This release contains many new features! Of particular note:
* sourmash now estimates and outputs average nucleotide identity (ANI) based on k-mer measures;
* `sourmash sketch translate` is no longer unusably slow;
* we provide Mac OS 'arm64' wheels for the new M1 Macs;
* we've added a number of support features for managing large collections of signatures and building very large databases;
* and we've added support for SQLite databases that can be used for storing and searching signatures and doing Kraken-style LCA analysis of genomes and metagenomes.
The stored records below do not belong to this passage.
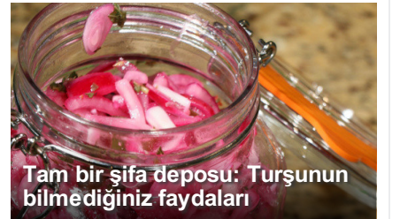
Tam bir şifa deposu: Turşunun bilmediğiniz faydaları
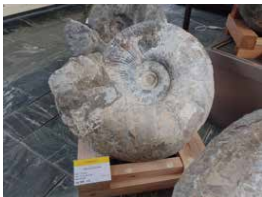
大型アンモナイト メソプゾシア（小平町産） 常國万吉氏（岩見沢市）寄贈
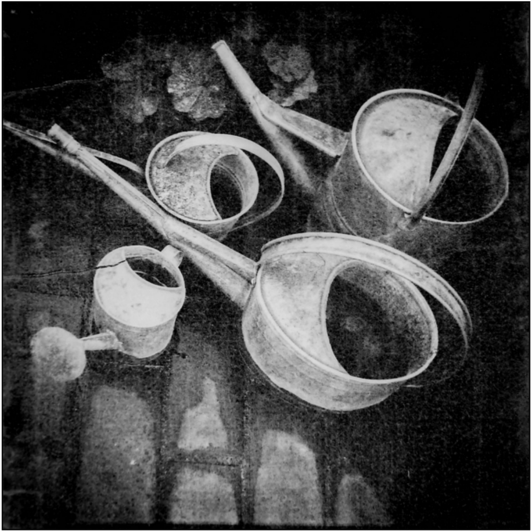
« Les arrosoirs de madame Soupiron »
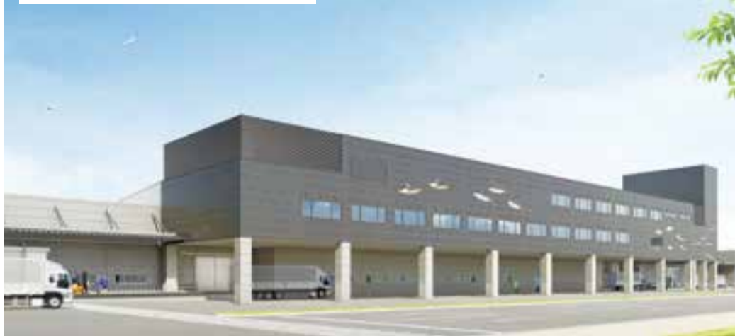
新石巻魚市場のイメージ図(管理等)

新施設は、中央棟、東棟、西棟の3棟で構成。上屋根の長さは、旧施設の約1.4倍(約880メートル)となる予定です。国内のみならず海外への輸出も視野に入れた漁獲物の付加価値向上を実現する「高度衛生管理型施設」となります。
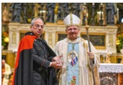
Consegna "fiamma CC" al Vescovo
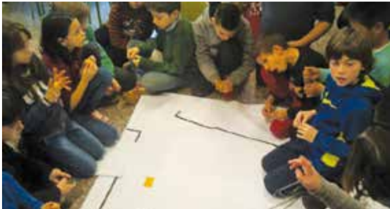
Alumnes de l'escola Sant Esteve en un taller de preparació

A aquestes aportacions se sumaran les contribucions que vagin sorgint dels tallers que s'han programat en els propers mesos. En total s'han organitzat vuit tallers: per a gent gran, joves, persones amb discapacitat i entitats de l'àmbit, ciutadania, representants municipals, entitats i emprenedoria. Per poder participar, cal fer una inscripció. De fet, cada persona només es pot inscriure a un sol taller, omplint el for-
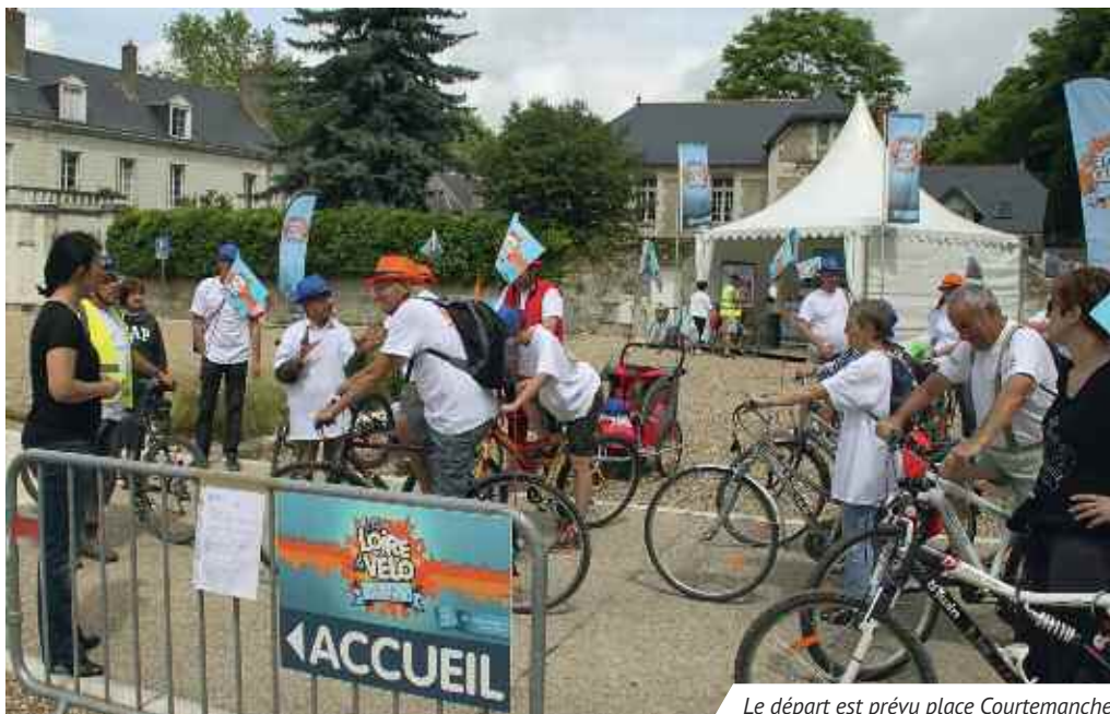
Le départ est prévu place Courtemanche.
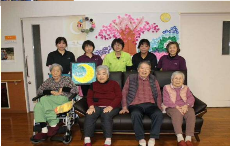
月の家 まあるい心と心のお・つ・き・あ・い
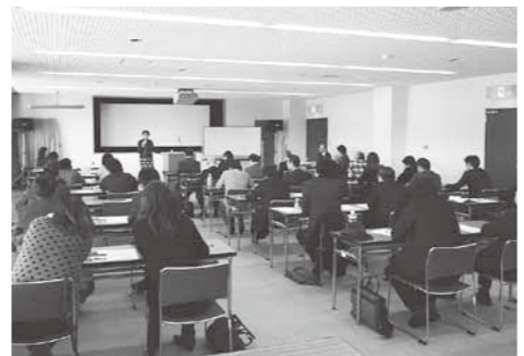
観光関係団体の先導的役割を期待

じ、保護に動かないで、居場所が他に漏れることがないように住民情報に警告画面を設定している。また、町独自の緊急避難支援や自立生活への支援を目的に「弟子屈町DV被害者緊急支援資金交付要綱」を定め、関係機関から評価をいただいている。身近な相談は社会福祉係や保健師、警察の担当係になるが、ごく限られた関係者で慎重に対処し、間違いのないよう努めていく。
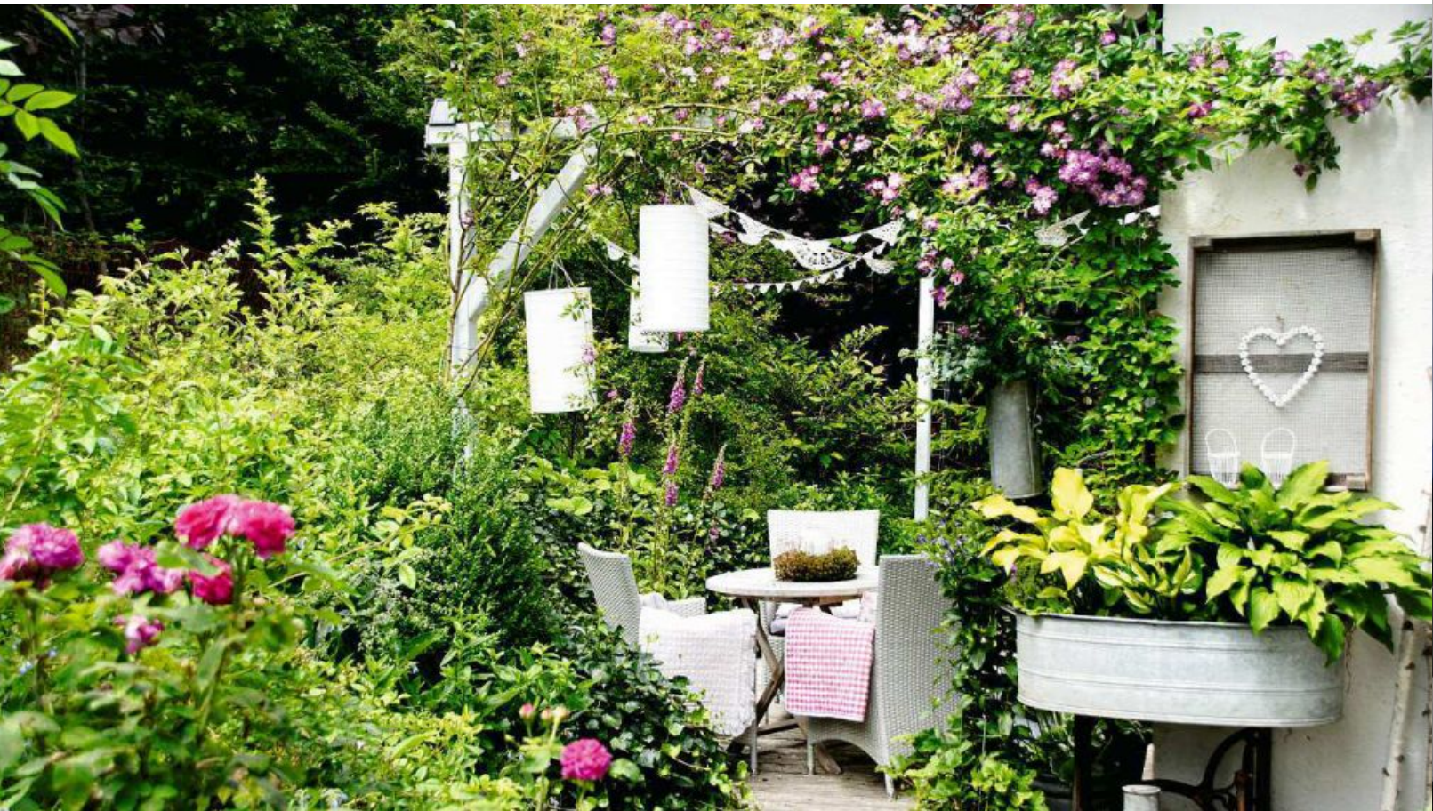
Für besonders viel Gemütlichkeit sorgen spezielle Details wie Lichterketten, Lampen, Decken und Co.

oder Zäune erfolgreich ersetzen. Ist ein Zaun oder eine Mauer bereits vorhanden, kann dies auch zum Vorteil genutzt werden. Um ihre massive Wirkung abzuschwächen, lassen sich Rankpflanzen, wie Efeu, einsetzen. Oder man bedient sich dem Trend des vertikalen Gartens, also Pflanzen, die nicht ebenerdig, sondern an der Wand gepflanzt werden. Eventuell ist sogar ein Baum im Garten vorhanden. Er dient als perfekter Sonnenschutz und Platz für Sitzcken. Für
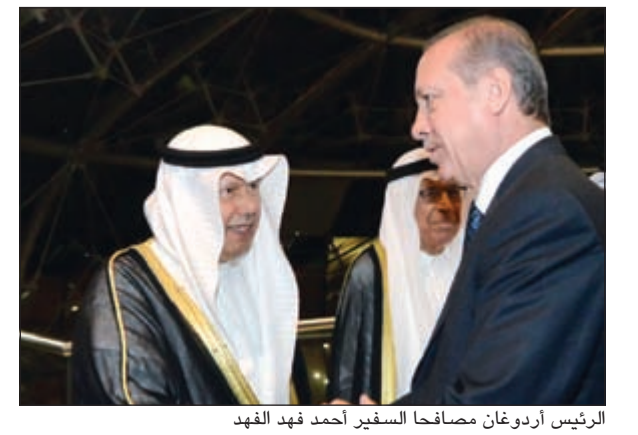
الرئيس أردوغان مصافحاً السفير أحمد فهد الفهد

In addition, we have built updated Genbank genome databases (with contents from March 2022) as well as GTDB R07-RS207 databases; see [the prepared databases page](https://sourmash.readthedocs.io/en/latest/databases.html). We've also made some benchmarks available for these databases, so you can get some idea of the necessary computational resources for your searches.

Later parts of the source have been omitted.